Andre de Maisse was far from being alone in his opinion of this phenomenal woman. Even Pope Sixtus, who was not normally to be counted among Elizabeth Tudor’s admirers, had been moved to declare shortly before the Armada sailed: ‘She certainly is a great Queen and were she only a Catholic she would be our dearly beloved. Just look how well she governs! She is only a woman, only mistress of half an island, and yet she makes herself feared by Spain, by France, by all.’ At the time of the highly successful descent on Cadiz in 1596, the Venetians were exclaiming: ‘Great is the Queen of England! Oh, what a woman, if she were but a Christian!’ After the unfortunate Essex affair, the King of France remarked: ‘She only is a king. She only knows how to rule.’

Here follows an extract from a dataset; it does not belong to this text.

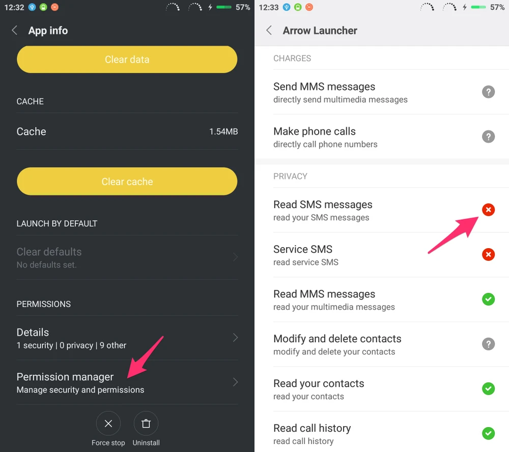- Android: Đầu tiên, bạn hãy truy cập vào Settings (cài đặt) > Apps (ứng dụng) > Permission manager (quản lý quyền hạn), chọn các ứng dụng không cần thiết và lấy lại quyền hạn đã cấp bằng cách chọn Deny (cấm) hoặc Notify (luôn hỏi khi cần sử dụng). Lưu ý, tên và vị trí các tùy chọn có thể thay đổi tùy thuộc vào dòng smartphone bạn đang sử dụng.

It cannot be said that the Queen’s temper mellowed with age. She was still quite capable of filling the air with good round oaths and was subject ‘to be vehemently transported with anger’. Elizabeth in a rage could be heard several rooms away and she was not above throwing things - there is a story that she once threw her slipper at Francis Walsingham - or boxing the ears of some unfortunate who had irritated her. Tantrums of this kind, though, were always confined to the family atmosphere of the Court and council chamber, and, more often than not, the Queen’s bark was worse than her bite. ‘When she smiled’, wrote her godson, John Harington, who frankly adored her, ‘it was a pure sunshine.’ Elizabeth could be tricky, exacting and infuriating, and not infrequently drove her long-suffering councillors to the point of nervous breakdown - strong men would totter from her presence in tears and babbling of resignation - but her methods undoubtedly got results and her fascination remained irresistible. Harington remembered that Christopher Hatton was wont to say ‘the Queen did fish for men’s souls, and had so sweet a bait that no one could escape her network.’

Elizabeth kept all her old aversion to the idea of marriage - her own and other people’s - but she did, on one occasion, show some curiosity on the subject. John Harington records that ‘the Queen did once ask my wife in merry sort, how she kept my good will and love.’

My Mall, in wise and discreet manner, told her Highness she had confidence in her husband’s understanding and courage, well-founded on her own steadfastness not to offend or thwart, but to cherish and obey. Hereby she did persuade her husband of her own affection, and in so doing did command his. ‘Go to, go to, mistress’, saith the Queen, ‘you are wisely bent, I find. After such sort do I keep the good will of all my husbands, my good people; for if they did not rest assured of some special love toward them, they would not readily yield me such good obedience.’